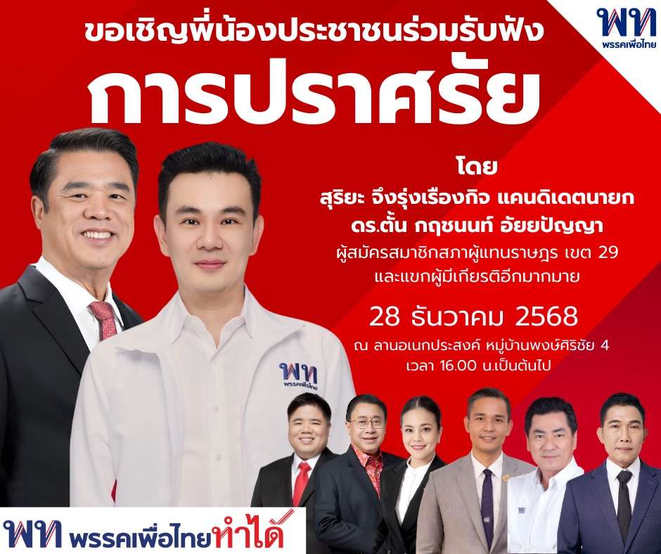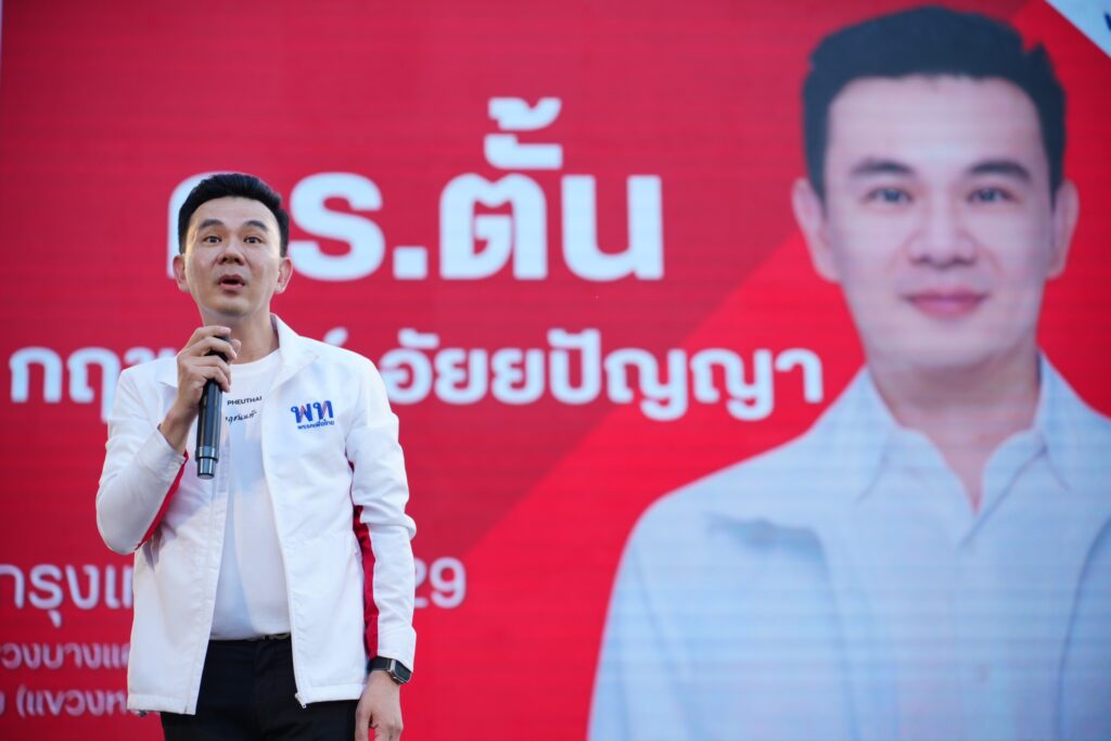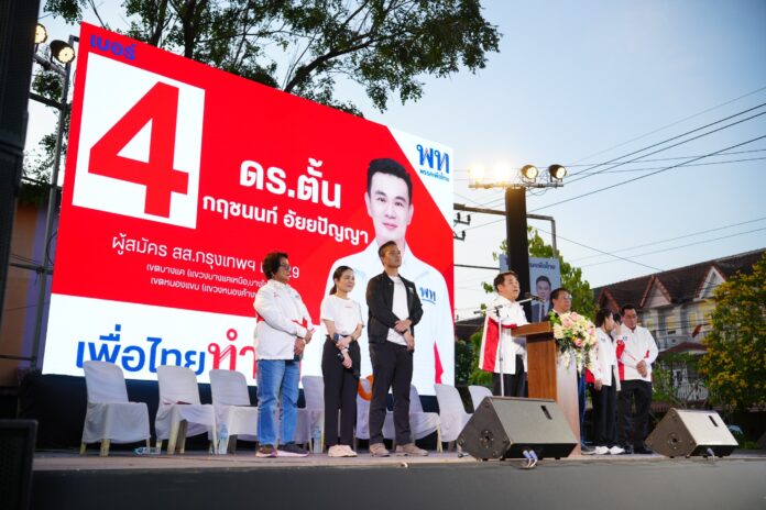 กรุงเทพฯ, 28 ธ.ค. – นายสุริยะ จึงรุ่งเรืองกิจ ผู้อำนวยการการเลือกตั้ง และแคนดิเดตนายกรัฐมนตรีพรรคเพื่อไทย พร้อมด้วย นายศึกษิษฏ์ ศรีจอมขวัญ โฆษกพรรค จักรภพ เพ็ญแข ผู้สมัคร สส. แบบบัญชีรายชื่อ นางสุภาภรณ์ คงวุฒิปัญญา ผู้สมัคร สส. แบบบัญชีรายชื่อ นายนวรัตน์ อยู่บำรุง , นายสุพิน คล้ายนก และน.ส. ขัตติยา สวัสดิผล รองเลขาธิการพรรค ขึ้นปราศรัยย่อยเวทีแรกในพื้นที่ กทม. ที่ลานเอนกประสงค์ หมู่บ้านพงษ์ศิริชัย 4 ช่วย ดร.ตั้น กฤชนนท์ อัยยปัญญา เบอร์ 4 อดีตผู้ช่วยรัฐมนตรีประจำกระทรวงคมนาคม เป็นผู้สมัคร สส. เขต 29 บางแค (เฉพาะแขวงบางไผ่-แขวงบางแคเหนือ) หนองแขม (เฉพาะแขวงหนองค้างพลู)
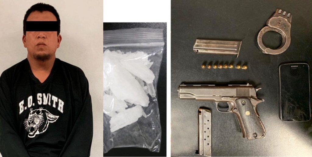 Oficiales estatales detuvieron al sujeto, a quien se le encontró un arma de fuego calibre nueve milímetros, abastecida con ocho cartuchos útiles, así como varias bolsas de plástico que contenían diferentes cantidades de probable droga sintética (cristal).
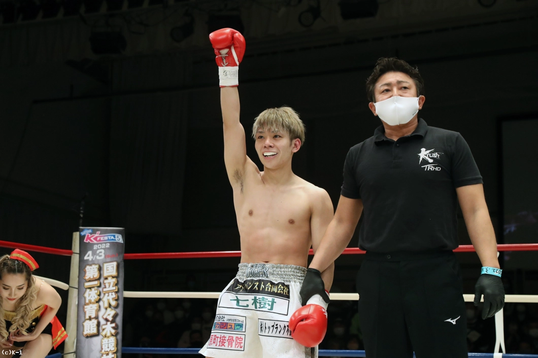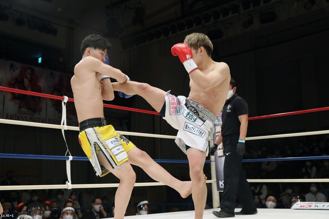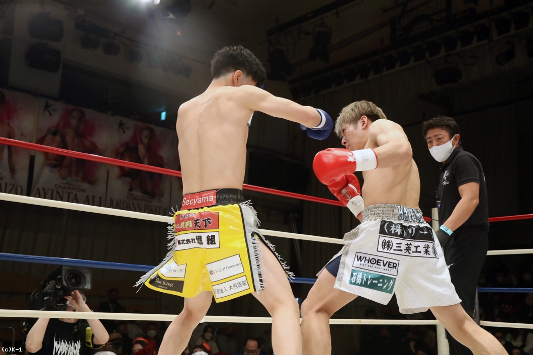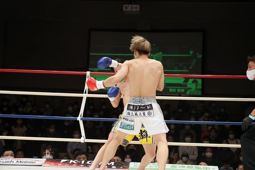 立ち上がった豊田に藤田は左フックを再び当て、そこから連打でスタンディングダウンを追加して初回を終える。
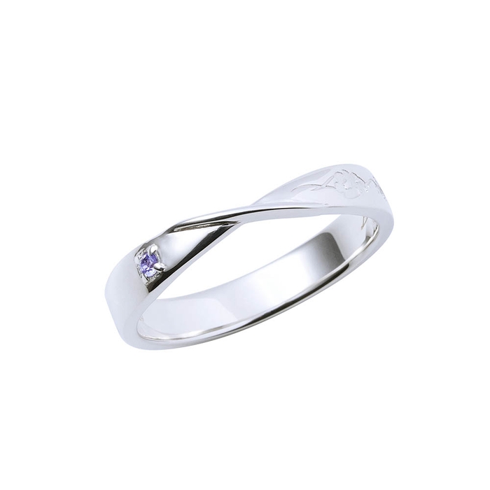 ひねった平打ちフォルムの表面に和服の朝顔の刻印とイメージカラーストーンをセット。
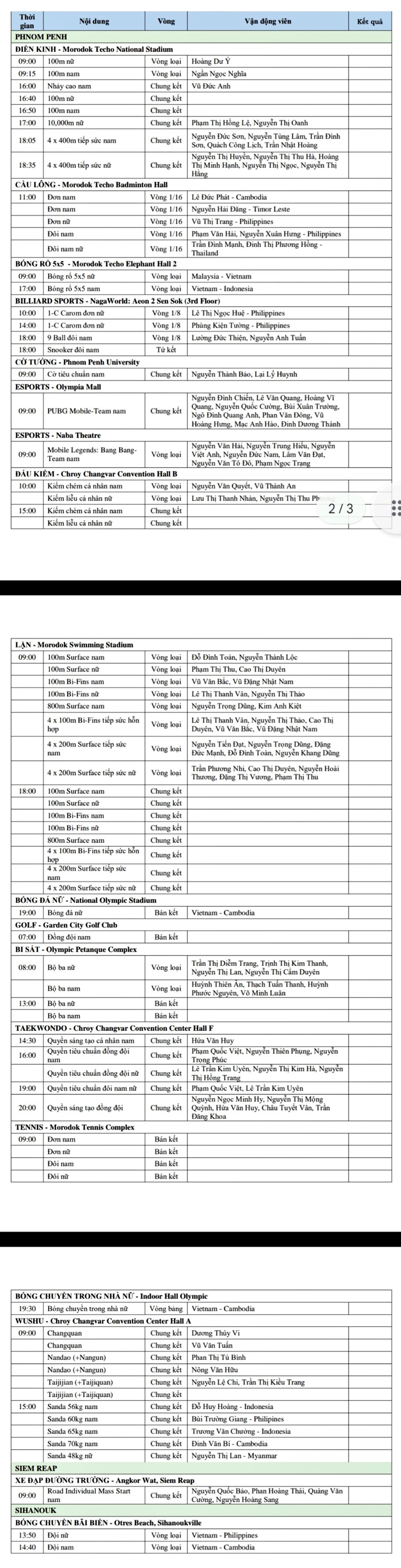 Lịch thi đấu của đoàn thể thao Việt Nam tại SEA Games 32 ngày 12/5
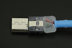 The results are ... enlightening. Most entry-level "USB 2.0" cables that are commercially available, although sometimes sold for more than $10, are not shielded, or are not well shielded, which is about the same. Here is what we can see if we open with a cutter the plastic overmolding around USB connectors:
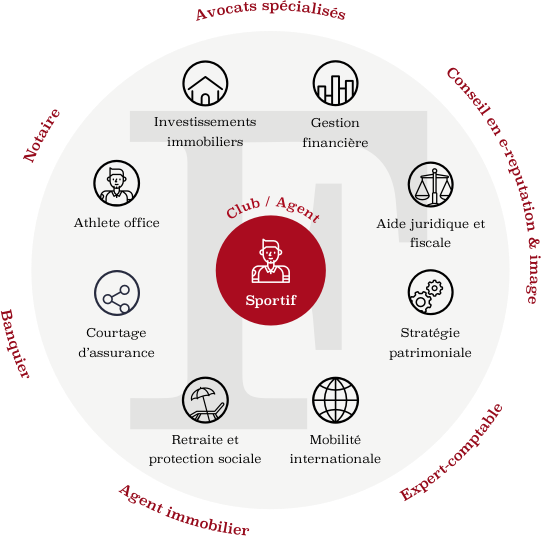 Après un audit complet, Financiale Sport gère les intérêts financiers des athlètes et prépare leur avenir en s’appuyant sur ses partenaires en droit à l’image, en droit du sport, en droit fiscal et autres experts juridiques ou de conciergerie.
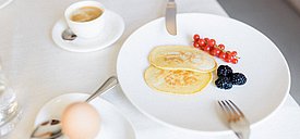 Der Duft von Tee und Kaffee weckt morgens die Lebensgeister. Und bei Schönwetter beeindruckt schon zum Frühstück die magische Aussicht über Meran auf unserer Panoramaterrasse. Genüsslich stärken Sie sich mit frischem Brot, Wurst- und Käsespezialitäten aus Südtirol, erntefrischem Obst und Gemüse direkt vom Bauernhof, traditionellen Süßspeisen, verschiedenen Eierspeisen, hausgemachten Aufstrichen und täglich frischem Porridge für den Tag.
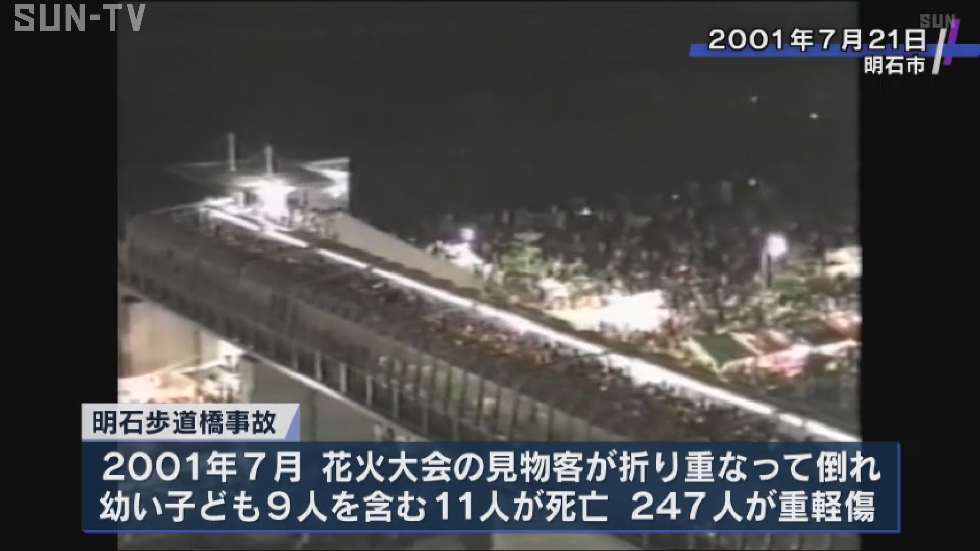 2001年7月、明石市の歩道橋で花火大会の見物客が折り重なって倒れ、11人が死亡、247人が重軽傷を負いました。
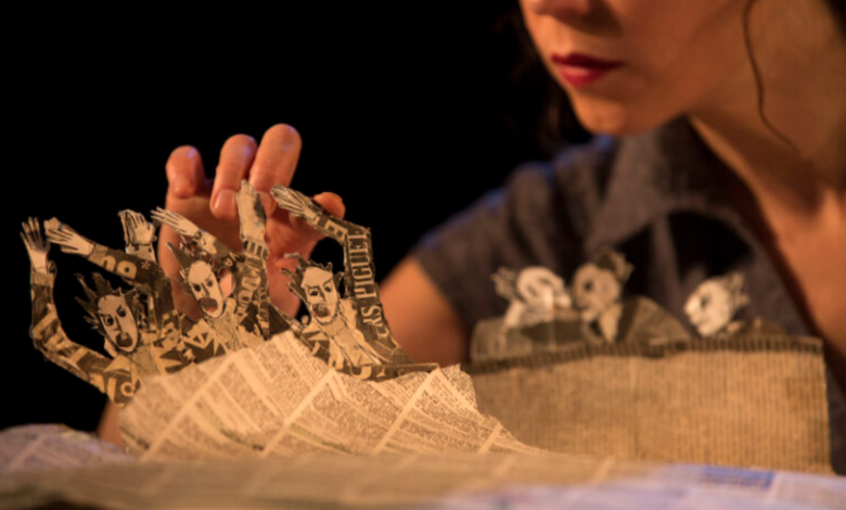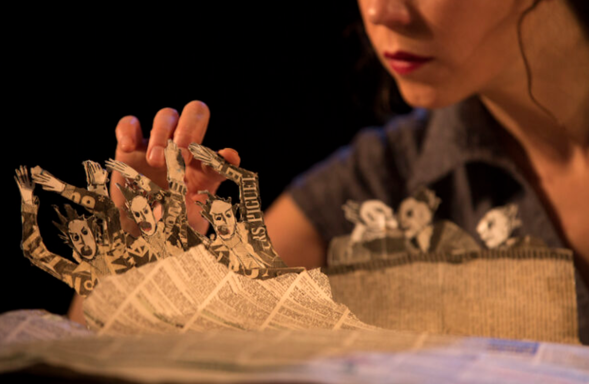 As we watch, Trouvé not only recounts the news aloud but also releases the broadsheet’s stories, tearing holes in the fabric of the paper world to allow tiny characters to pop up, which she then voices in a vibrant and charismatic performance. It’s easy to get lost in the magical storytelling as she turns pages and propels us through diverse scenarios. Pulling surprising paper props from within the scenes, like Mary Poppins emptying her carpet bag, she mixes images, sounds and visuals intricately. We visit a room full of disputative politicians exclaiming familiar quotations from history and pop culture. There’s then drama as paper cars and their chatty passengers are involved in a shocking incident. Some of the scenes make us laugh before leaving us with challenging questions to think through: a chicken processing factory, themes of urban expansion, gambling, and a sinking ship that leaves a massive oil slick – clearly a reference to the ill-fated Concordia. There are dark moments here, but it’s captivating.
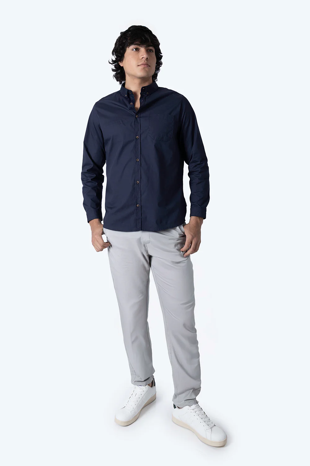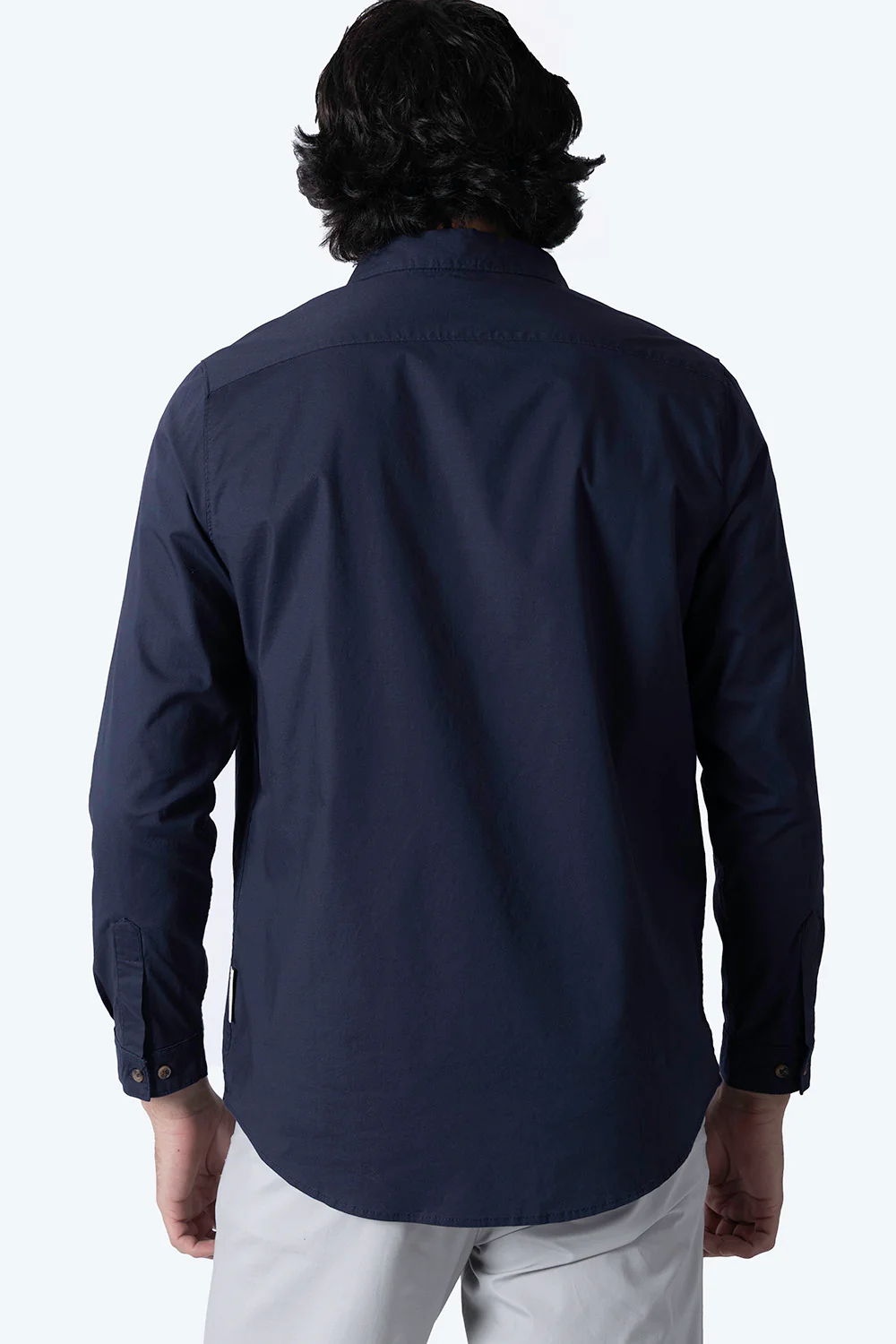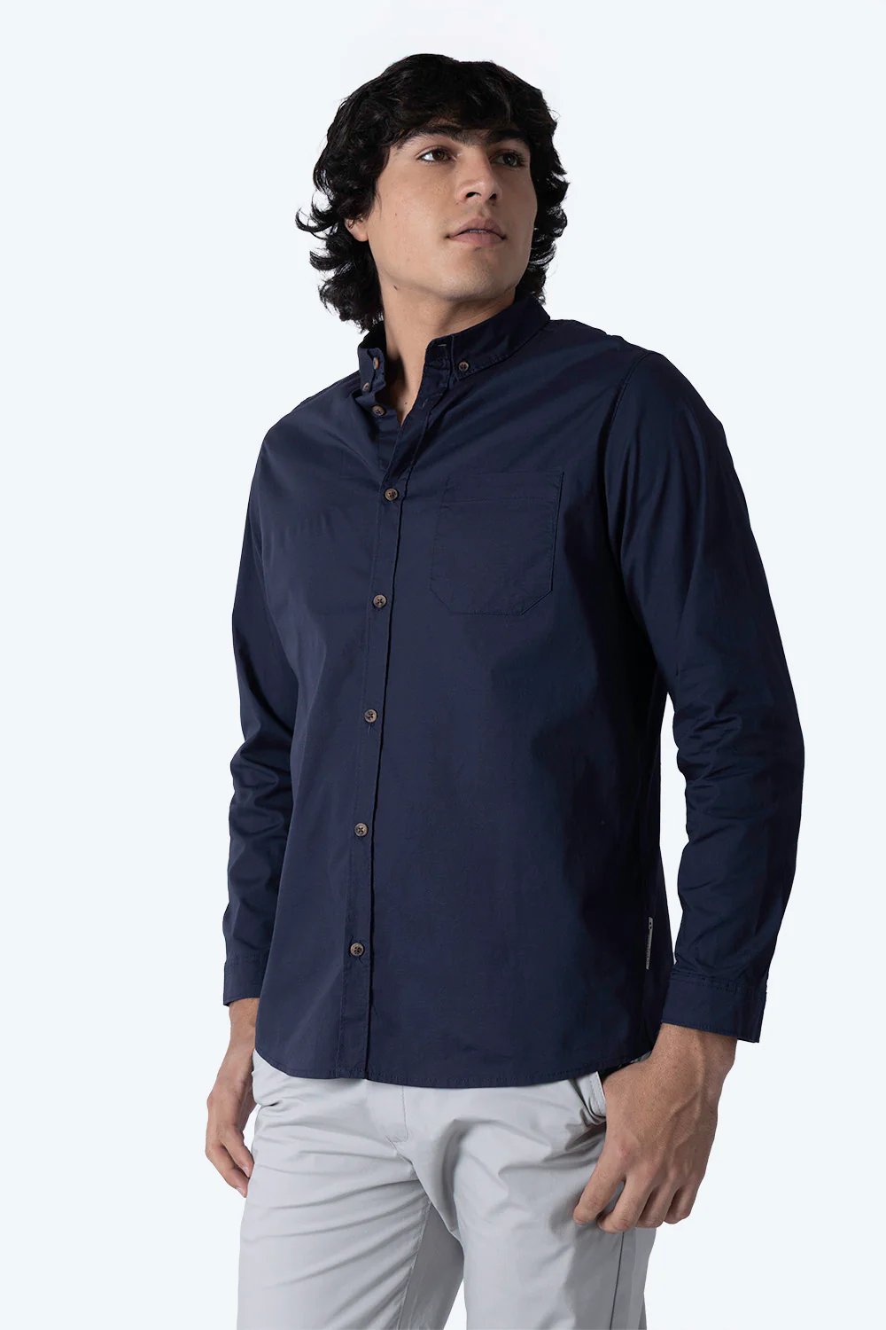 Esta camisa de manga larga en tono azul marino combina comodidad y estilo gracias a su composición de 97% algodón y 3% elastano, que proporciona suavidad y ligera elasticidad para un ajuste cómodo. Cuenta con un práctico bolsillo frontal, ideal para llevar pequeños objetos con facilidad. Perfecta para ocasiones casuales o formales, ofrece versatilidad y durabilidad en tu guardarropa.

——————————

(EXERCISE DIRECTIONS): Output exactly the lines above, from the line with "ひねった平打ちフォルムの表面" to the line with "Der Duft von", both included; skip the pictures.

(REPLY TO THE EXERCISE):
 ひねった平打ちフォルムの表面に和服の朝顔の刻印とイメージカラーストーンをセット。
 Lịch thi đấu của đoàn thể thao Việt Nam tại SEA Games 32 ngày 12/5
 The results are ... enlightening. Most entry-level "USB 2.0" cables that are commercially available, although sometimes sold for more than $10, are not shielded, or are not well shielded, which is about the same. Here is what we can see if we open with a cutter the plastic overmolding around USB connectors:
 Après un audit complet, Financiale Sport gère les intérêts financiers des athlètes et prépare leur avenir en s’appuyant sur ses partenaires en droit à l’image, en droit du sport, en droit fiscal et autres experts juridiques ou de conciergerie.
 Der Duft von Tee und Kaffee weckt morgens die Lebensgeister. Und bei Schönwetter beeindruckt schon zum Frühstück die magische Aussicht über Meran auf unserer Panoramaterrasse. Genüsslich stärken Sie sich mit frischem Brot, Wurst- und Käsespezialitäten aus Südtirol, erntefrischem Obst und Gemüse direkt vom Bauernhof, traditionellen Süßspeisen, verschiedenen Eierspeisen, hausgemachten Aufstrichen und täglich frischem Porridge für den Tag.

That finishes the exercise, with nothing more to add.